Par un arrêt du 17 juillet 2009, le conseil d’État a rejeté le pourvoi en cassation formé par un éleveur porcin, la société civile d’exploitation agricole de Henven, contre l’annulation à l’initiative d’Eau & Rivières de son autorisation d’extension d’élevage à Guern, dans le Morbihan. C’est l'une des premières fois que la plus haute juridiction administrative est amenée à contrôler une décision de justice relative à l’autorisation d’exploiter un élevage industriel breton.

Il faut croire que les permis d’exploiter ont de plus en plus de valeur… pour prolonger ainsi la bataille contentieuse devant trois niveaux successifs de juridictions (Rennes, Nantes, Paris) durant sept ans ! Résultat : tous les juges saisis, et le conseil d’État en dernier ressort, ont établi et confirmé définitivement la défaillance de l’État.

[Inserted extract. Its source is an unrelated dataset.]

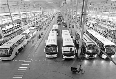 图为厦门大金龙大客车组装线。 张永定摄
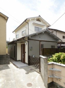 瓦葺き2階建て木造住宅です。こちらの外観を瓦屋根はそのままで少し“洋”を取り入れたモダンな仕上がりにしたいとのご要望でした。

Le ministère de l’écologie, qui s’était fait remarquer par sa contestation sans succès du jugement initial d’annulation (voir Actu 20/2006), avait semble-t-il fini par admettre l’existence d’une erreur d’appréciation préfectorale, puisqu’il s’était abstenu de contester l’arrêt de la cour d’appel de Nantes. L’éleveur porcin, au contraire, avait encore tenté de remettre en cause cette décision de justice devant le conseil d’État.

Mais pour les conseillers d’État, les juges nantais ont bien fait leur travail. Ils ont notamment bien pris « en considération la configuration des lieux et l'environnement du projet concerné » au regard des « dispositions du code de l'environnement » applicables, et ont « tenu compte de l'ensemble des données disponibles » sur l’état de l’environnement et la contamination des eaux du Blavet par les nitrates.

Surtout, le conseil d’État affirme que les juges nantais n’ont pas commis d’erreurs d’appréciation en affirmant que le ministère de l’écologie s’était abstenu volontairement de préciser les flux de nitrates « permettant, le cas échéant, de faire apparaître une amélioration significative de la teneur en nitrates des eaux du Blavet », reprenant à leur compte l’argument d’Eau & Rivières. Et les juges nantais ont encore pu régulièrement considérer que cette autorisation laxiste n’était pas possible sur ce bassin versant sensible, alors même que le projet d'extension de l'élevage était situé à l’extérieur d’un « canton en excédent structurel d'azote lié aux élevages, au sens de la réglementation sur l'eau » et alors « que la teneur en nitrates du cours d'eau situé en aval du site exploité par la société requérante ne dépassait pas les seuils fixés par les dispositions réglementaires alors en vigueur pour qualifier les zones vulnérables » (pollution par les nitrates d’origine agricole avérée ou menaçante, supérieure à 40 mg/l.).

Cette nouvelle décision de justice sonne comme un sérieux rappel à l’ordre pour les préfets bretons. L’approche de prévention, règle cardinale en matière d’environnement, est bien applicable aux installations classées d’élevages agricoles. A l’heure où 55% de la surface agricole utile du pays (concernant 74 départements français, dont les 4 départements bretons en totalité) est classée en zone vulnérable aux nitrates malgré trois programmes successifs chargés de les combattre, le conseil d’État rappelle que les préfets doivent apprécier objectivement les dangers et inconvénients des opérations d’épandage de lisiers et autres déjections animales au regard des pollutions nitratées existantes, et refuser les projets présentant des risques importants de pollution supplémentaire, sans attendre que les normes européennes de qualité des eaux soient dépassées. La difficile restauration de la qualité des eaux nitratées (vingt ans de coûteux programmes infructueux en Bretagne) démontre, il est vrai, qu’il est plus facile de polluer… que de dépolluer.

A lire les juges, il faudrait sans doute commencer à arrêter d’autoriser de nouveaux élevages en région Bretagne si l’on veut restaurer la qualité des eaux. Question de bon sens ! Les préfets bretons entendront-ils mieux que par le passé la leçon de droit, donnée pour la première fois par le conseil d’État en personne?